Photoluminescence spectroscopy and time-resolved photoluminescence spectroscopy (TRPL) were performed on the prepared Stacked Structures 1 and 2, and the results were summarized in FIGS. 11 and 12 and Table 5.

	TABLE 5
	Average lifetime (tau average)

	Stacked structure 1	15
	Stacked structure 2	12

From the results in FIG. 11, it was confirmed that Stacked Structure 1, which has an electron transport layer containing the zinc oxide nanoparticles of Preparation Example 1, exhibited approximately 12% higher semiconductor nanoparticle (QD) emission intensity compared to Stacked Structure 2, which has an electron transport layer containing the zinc oxide nanoparticles of Comparative Preparation Example 1. This suggests that the PL quenching phenomenon of QDs at the QD/ETL interface was reduced in Stacked Structure 1. From the results in FIG. 12, it was confirmed that the lifetime of the semiconductor nanoparticles (QDs) increased in Stacked Structure 1.

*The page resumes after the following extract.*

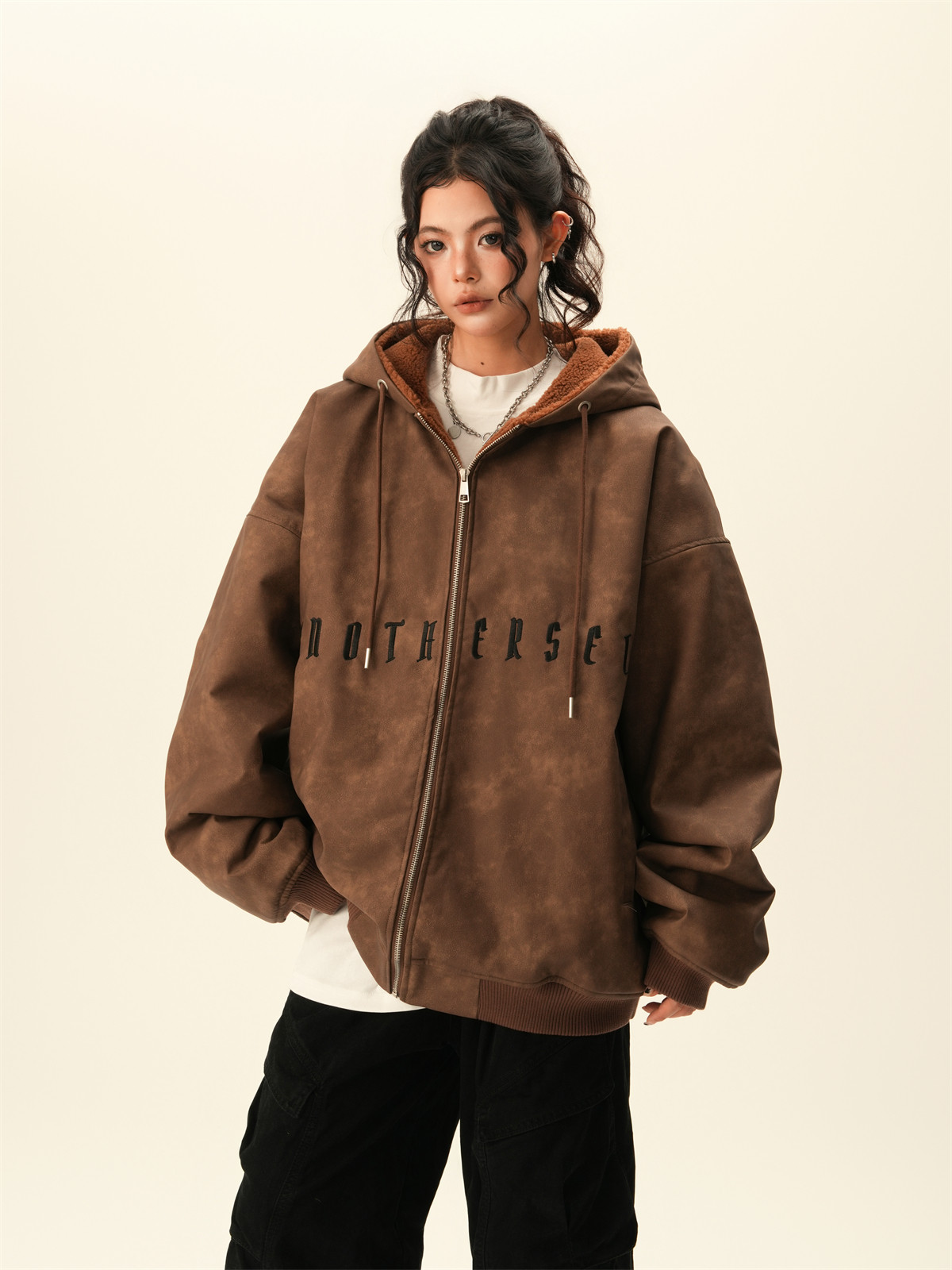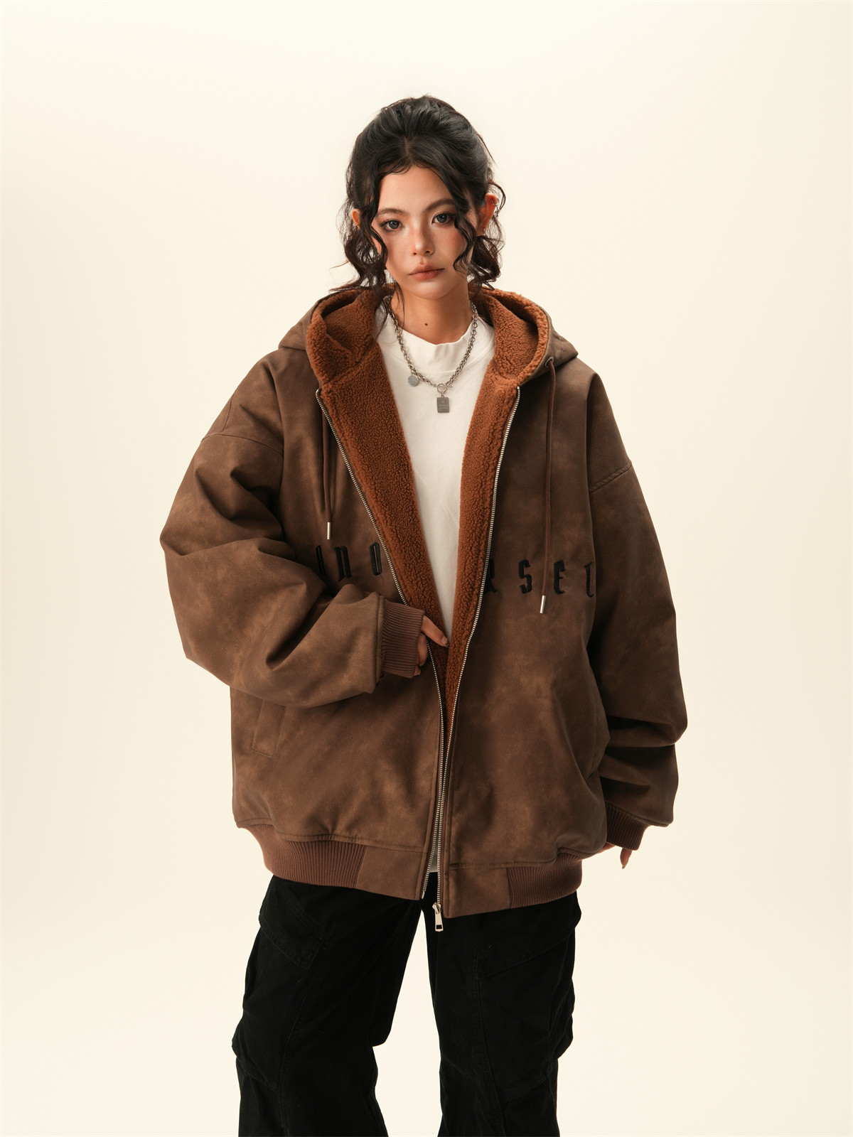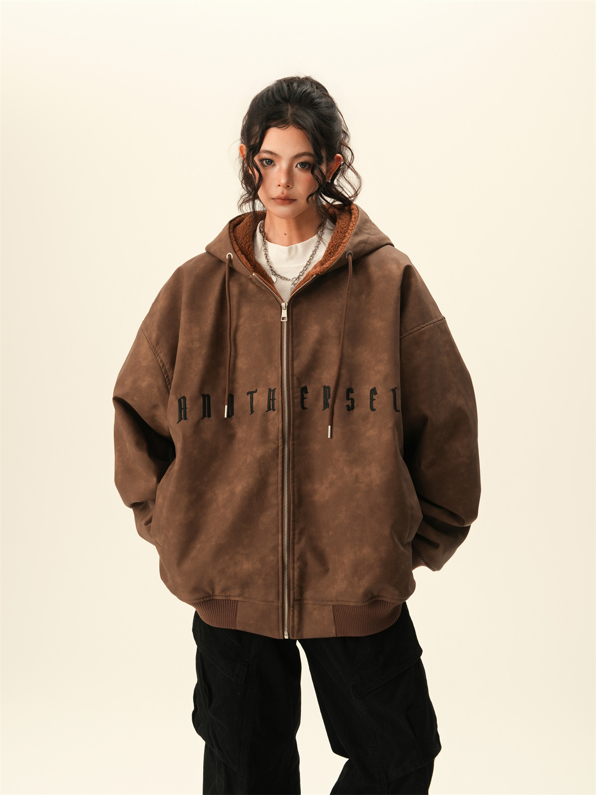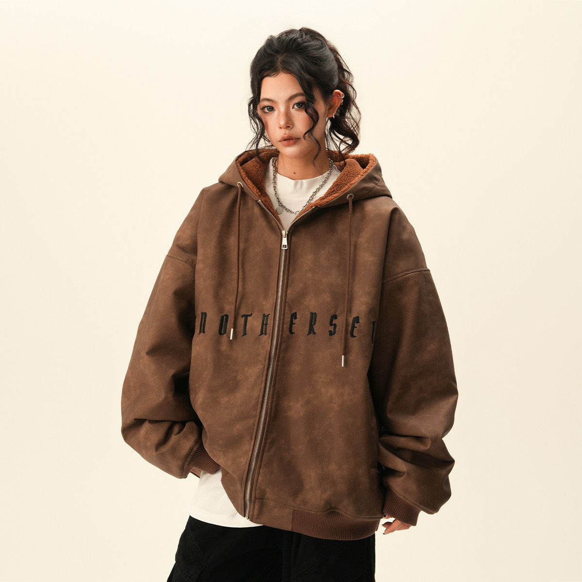 🔥冬の必須アウター🔥【アウター】秋冬 アメリカン カップル服 ルース レトロ 刺繍 フード付き コットン ジャケット【FCシリーズ】

While this disclosure has been described in connection with what is presently considered to be practical embodiments, it is to be understood that the invention is not limited to the disclosed embodiments. On the contrary, it is intended to cover various modifications and equivalent arrangements included within the spirit and scope of the appended claims.